## Data to use
----------

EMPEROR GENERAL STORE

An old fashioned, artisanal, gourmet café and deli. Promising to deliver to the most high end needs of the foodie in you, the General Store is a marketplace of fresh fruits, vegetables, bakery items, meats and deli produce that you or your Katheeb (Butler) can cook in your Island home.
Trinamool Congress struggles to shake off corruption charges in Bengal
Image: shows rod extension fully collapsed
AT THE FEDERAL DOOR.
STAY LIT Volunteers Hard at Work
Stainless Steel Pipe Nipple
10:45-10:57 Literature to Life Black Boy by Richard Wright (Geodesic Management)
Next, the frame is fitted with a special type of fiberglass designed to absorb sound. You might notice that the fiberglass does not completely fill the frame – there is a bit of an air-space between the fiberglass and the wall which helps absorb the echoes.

----------

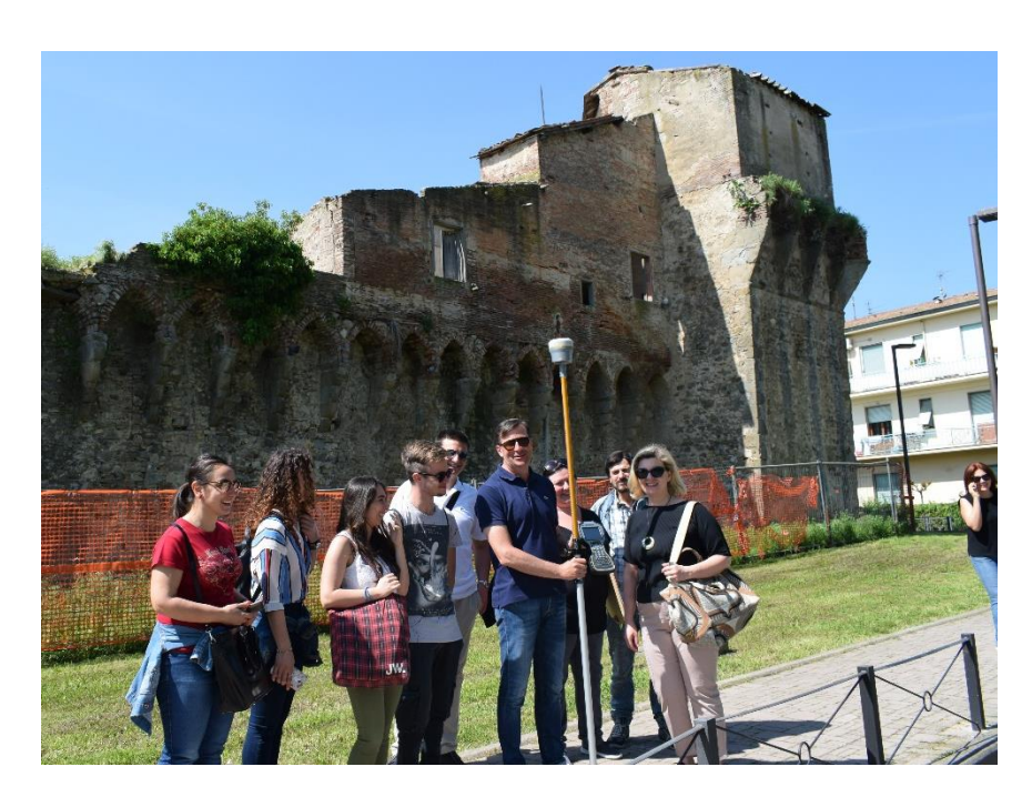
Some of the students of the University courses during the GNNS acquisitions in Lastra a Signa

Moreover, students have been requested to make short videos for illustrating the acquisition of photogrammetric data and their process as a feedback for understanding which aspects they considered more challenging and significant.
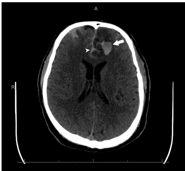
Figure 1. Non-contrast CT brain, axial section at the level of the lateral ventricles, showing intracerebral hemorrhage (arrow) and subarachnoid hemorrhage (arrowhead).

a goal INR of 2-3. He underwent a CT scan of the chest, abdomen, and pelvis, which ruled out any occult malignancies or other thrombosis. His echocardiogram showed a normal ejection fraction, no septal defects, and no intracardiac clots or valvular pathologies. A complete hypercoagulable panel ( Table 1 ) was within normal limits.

----------

## Activity
An exact copy of the lines above, from the one containing "Some of the" through the one containing "Moreover, students have", is the whole of the answer.

## Output of the exercise
Some of the students of the University courses during the GNNS acquisitions in Lastra a Signa

Moreover, students have been requested to make short videos for illustrating the acquisition of photogrammetric data and their process as a feedback for understanding which aspects they considered more challenging and significant.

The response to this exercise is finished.